- Kamianets Location in Kirovohrad Oblast Kamianets Location in Ukraine
- Coordinates: 48°21′41″N 32°39′23″E﻿ / ﻿48.36139°N 32.65639°E
- Country: Ukraine
- Oblast: Kirovohrad Oblast
- Raion: Kropyvnytskyi Raion
- Hromada: Novhorodka settlement hromada

Population (2022)
- • Total: 5,425
- Time zone: UTC+2 (EET)
- • Summer (DST): UTC+3 (EEST)

= Kamianets, Kirovohrad Oblast =

Rural locality in Kirovohrad Oblast, Ukraine

Kamianets (Кам'янець, Каменец), formerly Novhorodka (Новгородка; Новгородка) is a rural settlement in Kropyvnytskyi Raion, Kirovohrad Oblast, Ukraine. It is located on the Kamianka, a left tributary of the Inhul in the drainage basin of the Southern Bug. Kamianets hosts the administration of Novhorodka settlement hromada, one of the hromadas of Ukraine. Population:

==History==
Until 18 July 2020, Novhorodka was the administrative center of Novhorodka Raion. The raion was abolished in July 2020 as part of the administrative reform of Ukraine, which reduced the number of raions of Kirovohrad Oblast to four. The area of Novhorodka Raion was merged into Kropyvnytskyi Raion.

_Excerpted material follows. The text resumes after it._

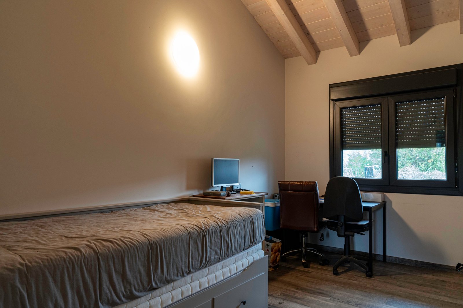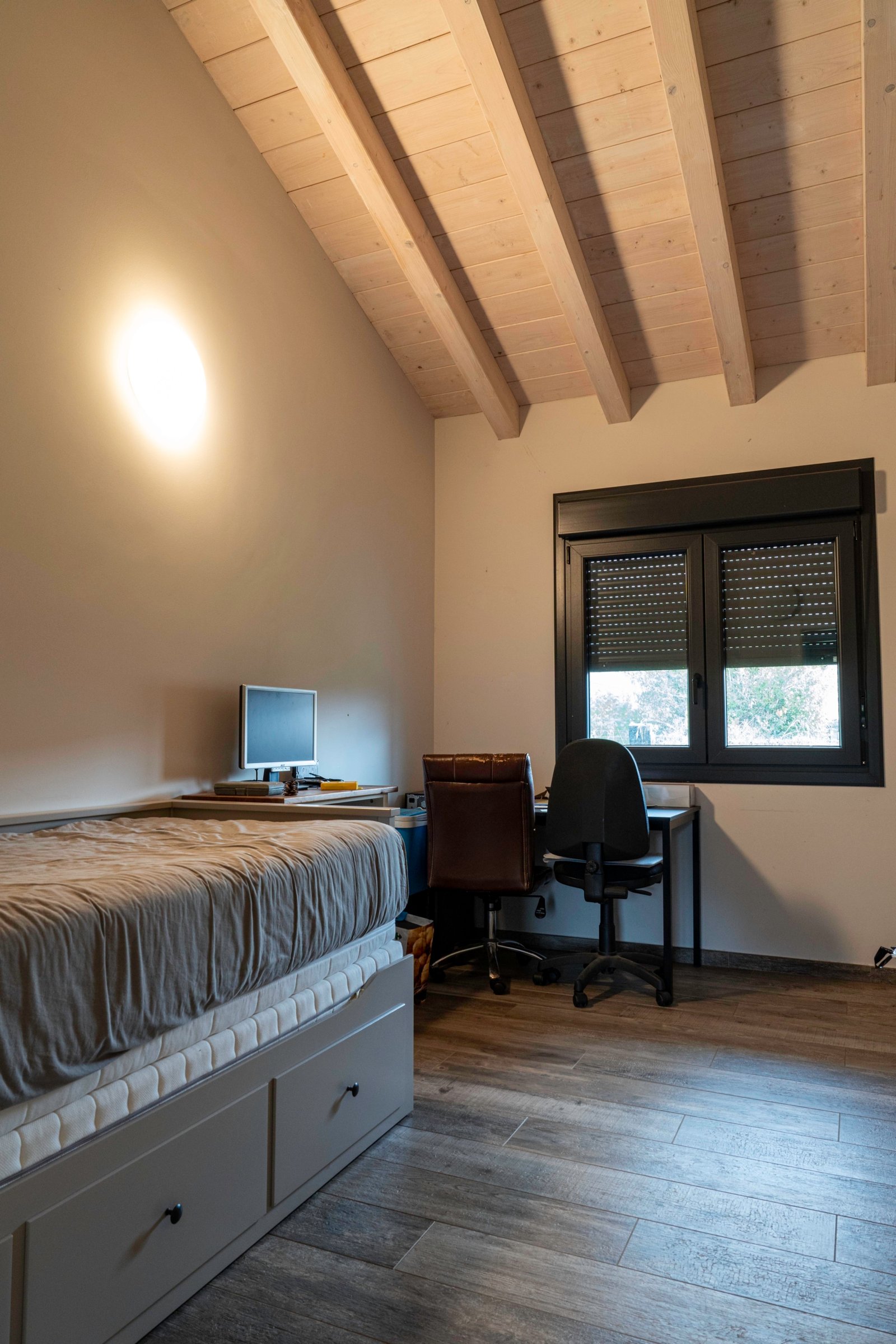 El exterior de la vivienda cuenta con un jardín que rodea la casa, ideal para disfrutar del aire libre, organizar comidas al sol o simplemente relajarse escuchando los sonidos de la naturaleza. Un espacio que amplía la experiencia del hogar y la integra con el entorno natural.
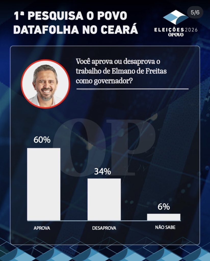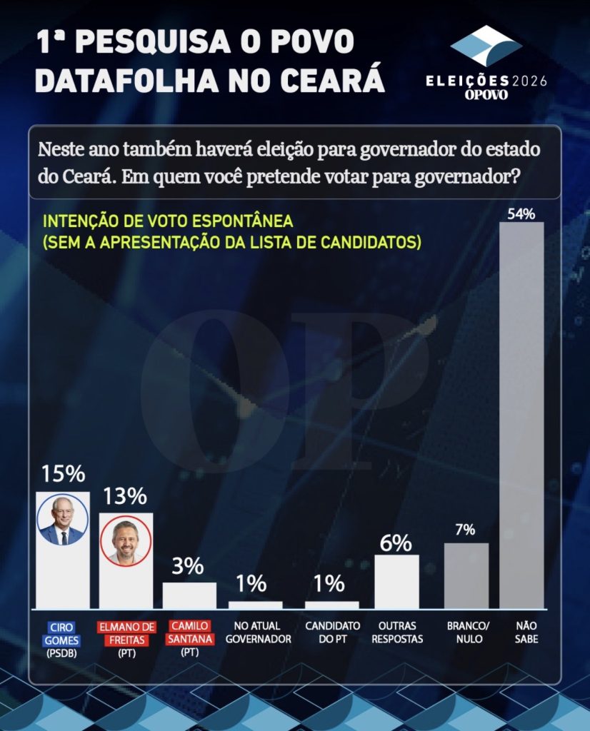 A pesquisa também mediu a avaliação do governo Elmano de Freitas, com 60% de aprovação, 34% de desaprovação e 6% que não souberam opinar. No levantamento espontâneo, quando não é apresentada lista de candidatos, 54% dos entrevistados disseram não saber em quem votar, enquanto Ciro Gomes aparece com 15%, Elmano com 13% e Camilo Santana com 3%.

Until 26 January 2024, Novhorodka was designated urban-type settlement. On this day, a new law entered into force which abolished this status, and Novhorodka became a rural settlement.

On 19 September 2024, the Verkhovna Rada voted to rename Novhorodka to Kamianets.

==Economy==
===Transportation===
The settlement is on Highway H23 connecting Kropyvnytskyi and Kryvyi Rih.

The closest railway station is Kutsivka, approximately 10 km south-east of Novhorodka, on the railway connecting Znamianka and Dolynska with further connections to Kryvyi Rih and Mykolaiv. There is infrequent passenger traffic.